Generate embeddings for the parsed documents to enable semantic search.


In [None]:
from semantica.embeddings import EmbeddingGenerator
import numpy as np

generator = EmbeddingGenerator()

try:
    embeddings = generator.generate(parsed_docs)
    print("✓ Embeddings generated")
    print(f"  Documents: {len(parsed_docs)}")
    print(f"  Embeddings ready for storage")
    
except Exception as e:
    print(f"✗ Error generating embeddings: {e}")
    embeddings = np.random.rand(len(parsed_docs), 1536).astype(np.float32)
    print("  Using demo embeddings")


## Step 3: Store in Vector Store

Store the embeddings along with documents and metadata in a vector store.


In [None]:
from semantica.vector_store import VectorStore

vector_store = VectorStore()

metadata = [{"id": i, "source": "demo"} for i in range(len(parsed_docs))]

try:
    vector_store.store(embeddings, parsed_docs, metadata)
    print("✓ Documents stored in vector store")
    print(f"  Stored {len(parsed_docs)} documents")
    
except Exception as e:
    print(f"✗ Error storing in vector store: {e}")


## Step 4: Query and Retrieve

Query the vector store and retrieve the most relevant results.


In [None]:
from semantica.vector_store import VectorRetriever

retriever = VectorRetriever(vector_store)

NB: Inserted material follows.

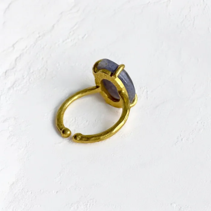 It is made of rosecut Iolite (Water Sapphire) stone and adjustable raw brass.

query = "programming language"
query_embedding = generator.generate([query])[0] if hasattr(generator, 'generate') else np.random.rand(1536).astype(np.float32)

try:
    results = retriever.retrieve(query_embedding, top_k=3)
    
    print("✓ Production-ready semantic search complete")
    print(f"  Query: '{query}'")
    print(f"  Found {len(results) if results else 0} results")
    
    if results:
        print("\nTop Results:")
        for i, result in enumerate(results):
            score = result.score if hasattr(result, 'score') else 'N/A'
            doc = result.document if hasattr(result, 'document') else 'N/A'
            print(f"  {i+1}. Score: {score}, Document: {doc[:60]}...")
    else:
        print("  Note: Results would show most semantically similar documents")
        
except Exception as e:
    print(f"✗ Error retrieving results: {e}")